Tornou-se intensa a procura por torneiros mecânicos, funileiros,
ferramenteiros, ajustadores, desenhistas industriais, eletricistas,
pedreiros, auxiliares de serviços gerais, afiadores de ferramentas,
soldadores, projetistas, pintores, inspetores de esmaltação. A revista
Veja, em reportagem publicada na edição de 19/12/1973, sob o título Onde
está a mão-de-obra?, alude “à discreta guerra entre empregadores com o
objetivo de preencher cargos vagos”. “Em matéria de emprego, a situação
está boa para o trabalhador”, declarava Rubens Teodoro de Arruda,
vice-presidente do Sindicato dos Metalúrgicos de São Bernardo,
responsável pela “bolsa de emprego”.
Com o mercado em expansão, aumentava o poder aquisitivo das classes
trabalhadoras. Vendas a prestações e reajustamentos salariais que
acompanhavam os índices de aumento do custo de vida estimulavam o
crescimento de próspero comércio varejista. São Paulo tornou-se a cidade
que não parava de crescer. Novos polos industriais surgiam em
localidades como Campinas, Jundiaí, Guarulhos, Osasco, Limeira, Diadema.
O dinheiro girava em alta velocidade e uma nova classe média
ambicionava adquirir casa ou apartamento, geladeira, fogão a gás,
máquina de lavar roupa, automóvel. O período de euforia começou a dar
demonstração de desaquecimento nos primeiros anos da década de 1980. A
derrubada das grades do Palácio dos Bandeirantes, em abril de 1983, foi
obra de milhares de desempregados da zona sul de São Paulo que exigiam
do governador Franco Montoro a criação de empregos inexistentes.

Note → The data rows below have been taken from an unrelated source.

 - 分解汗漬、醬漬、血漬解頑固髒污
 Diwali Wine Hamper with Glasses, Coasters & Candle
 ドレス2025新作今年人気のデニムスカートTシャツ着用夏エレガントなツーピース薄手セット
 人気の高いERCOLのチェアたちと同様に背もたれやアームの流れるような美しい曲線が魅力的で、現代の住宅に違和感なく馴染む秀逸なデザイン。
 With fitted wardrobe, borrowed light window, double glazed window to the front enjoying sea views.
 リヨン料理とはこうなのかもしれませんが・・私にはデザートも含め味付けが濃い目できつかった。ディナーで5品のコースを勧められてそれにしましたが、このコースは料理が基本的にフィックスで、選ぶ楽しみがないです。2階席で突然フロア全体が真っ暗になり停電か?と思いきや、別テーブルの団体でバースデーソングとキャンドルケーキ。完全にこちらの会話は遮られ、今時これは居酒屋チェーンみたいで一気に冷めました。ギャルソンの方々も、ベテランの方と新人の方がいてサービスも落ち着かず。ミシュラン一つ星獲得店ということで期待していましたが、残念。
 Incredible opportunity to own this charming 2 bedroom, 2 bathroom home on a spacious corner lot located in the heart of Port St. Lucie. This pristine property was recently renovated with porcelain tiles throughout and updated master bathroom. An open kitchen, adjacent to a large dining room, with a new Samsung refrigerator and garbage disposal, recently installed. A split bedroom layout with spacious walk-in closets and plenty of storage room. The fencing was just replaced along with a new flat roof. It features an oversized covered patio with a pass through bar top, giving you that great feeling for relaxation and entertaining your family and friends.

A globalização, definida pelo professor Ernesto Lozardo como “a oferta
global de bens, serviços e capital financeiro e a demanda social global
ao acesso a essa oferta existente” (Globalização, Ed. do Autor, 2007,
pág. 37), chegou e nos invadiu sem pedir permissão. Trouxe consigo a
informatização, a robotização e automação e penetrou na economia com
resultados devastadores para o mercado de trabalho. São fenômenos que
independem da nossa vontade e fora do nosso controle. Indústrias
ineficientes, deficitárias, e ultrapassados ofícios e profissões
desapareceram, comprovando a ineficácia da Constituição, da legislação
trabalhista, da jurisprudência tutelar como ferramentas de proteção
contra o desemprego. Impotentes diante de fatores externos, as
esperanças repousam na capacidade de tomar medidas internas capazes de
atraírem investimentos para setores de intensa utilização de mão de
obra.
Ninguém arrisca dinheiro senão com o objetivo de realizar lucro. Se for
bem-sucedido, o emprego provavelmente virá, mas como efeito colateral.

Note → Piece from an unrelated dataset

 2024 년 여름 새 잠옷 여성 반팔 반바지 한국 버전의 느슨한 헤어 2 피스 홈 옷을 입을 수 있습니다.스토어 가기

Para havê-los em número suficiente, além da estabilidade do tripé
econômico, composto por inflação controlada, superávit primário e taxa
de câmbio flexível, é fundamental que se estabeleça um clima de
segurança jurídica nas relações entre patrões e empregados. As cláusulas
do contrato de trabalho, celebrado na forma da lei por pessoas capazes,
com objeto lícito, devem ser sagradas para ambas as partes.
A contínua judicialização das relações de emprego impulsiona a
substituição de mulheres e homens por ferramentas inteligentes. “O
progresso de um país, seja ele pobre ou rico, não se constrói numa ilha
de fantasias idealizada por economistas e filósofos”, escreveu Ernesto
Lozardo. O Estado de bem-estar social, projetado pela Constituição,
integra o espaço da fantasia. O desemprego, porém, é real, cruel e
diário. Está presente, como pesadelo, na consciência do desempregado.
Humilhado pela incapacidade de encontrar trabalho remunerador, o homem
honrado transmite a frustração, o sofrimento e o desespero à família
desamparada.
Desemprego rejeita medidas de longo prazo. Exige providências enérgicas,
objetivas, imediatas. A reforma trabalhista não surtiu os efeitos
previstos. Ficou na promessa. A reforma da Previdência cumprirá longa
etapa de maturação até trazer os primeiros resultados. A anunciada
reforma tributária, como de hábito, aumentará a carga que sobrecarrega o
lombo do contribuinte. O capitão Jair Bolsonaro foi eleito como garantia de mudanças. Prometeu
ser diferente dos governos anteriores. Não haveria fisiologia,
nepotismo, o “toma lá dá cá”. Gastos sete meses de mandato, nuvens
carregadas surgem no horizonte. Impossível prever se trarão chuvas
criadeiras ou se anunciam funestos temporais.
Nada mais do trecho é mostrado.